Pairを作ってenumと合わせて表現したり、sealed interfaceで分岐を表現したりしてるのか、この辺が気になりました。

例外を使ったほうがFWの対応などもあるので、自分は例外をうまく使いたい気持ちがあります。

kodukikoduki

私の書き方が少し伝わりにくかったかもですが、「例外を極力避けよう」という意図でも無いのです。
むしろ、最終的にエラー画面にメッセージだしたり、ログに出したりするだけのFWにお任せレベルは例外で良いと思います。例えば、たいていのシステムでRDBへの接続等の問題が本番で出るならなすすべが無くエラーにするしかないので、普通にSQLExceptionとして扱ってFWに処理させればよいと思います。

どちらかというと、FWにお任せでは無い個別の要件への対処、特にメソッドの呼出し元で何らかの処理を失敗時に強制させたい検査例外的な使い方は、Optionalとかの使うのが便利ってくらいですね。自分的に。あとは、そもそも通常の業務フローに例外があると、記事に書いたような課題があるので、そうした表現はOptionalを始めとして戻り値で表現したほうが良い、と。
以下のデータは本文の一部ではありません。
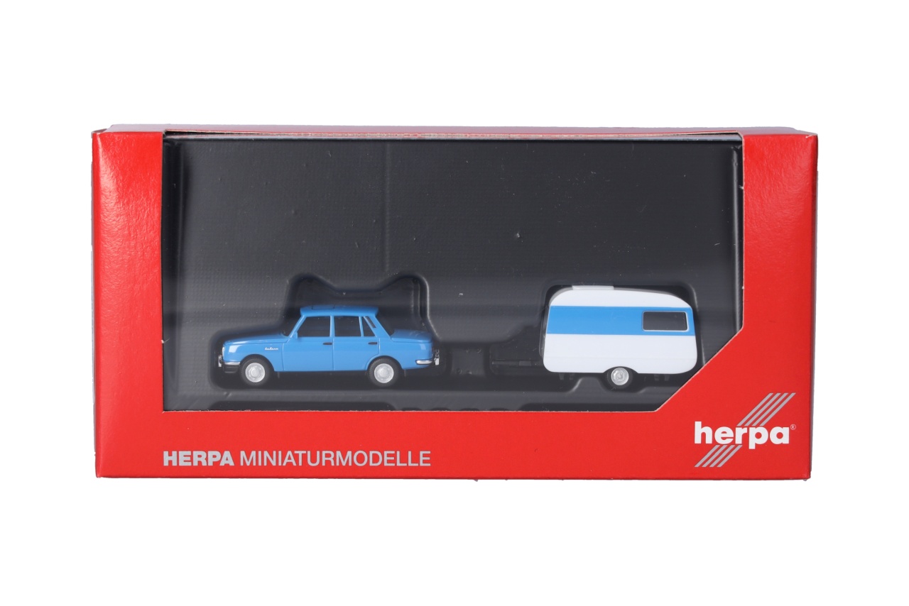 Herpa H0 Wartburg 353 '82 mit QEK-Wohnwagen, himmelblau

実際に、Optionalで対応出来なくなるケースですが、例えば失敗の原因が複数あり、かつそれぞれの原因に合わせて振舞いを変える必要がある時ですかね? パッと、良いケースが出てこないですが、例えばvalidateメソッドを作って入力フォームの内容を検証して「文字数超過」とか「英数字以外が含まれている」とかを判別するケースだと、それを表現できるValidationクラスを作って、それを戻り値にしますね。まあ、この例のvalidateメソッドだと最終的なアクションがエラーメッセージの表示くらいだろうからエラーメッセージを格納出来るList<String>とかで十分な気もしますが。。。

今なら、そうしたケースならsealed interfaceでやるのも良い気がしますね。try-catchで複数の例外に対してのキャッチをたくさん書くより、パターンマッチの方が分岐処理である事が分かりやすく表現出来て良い気がします。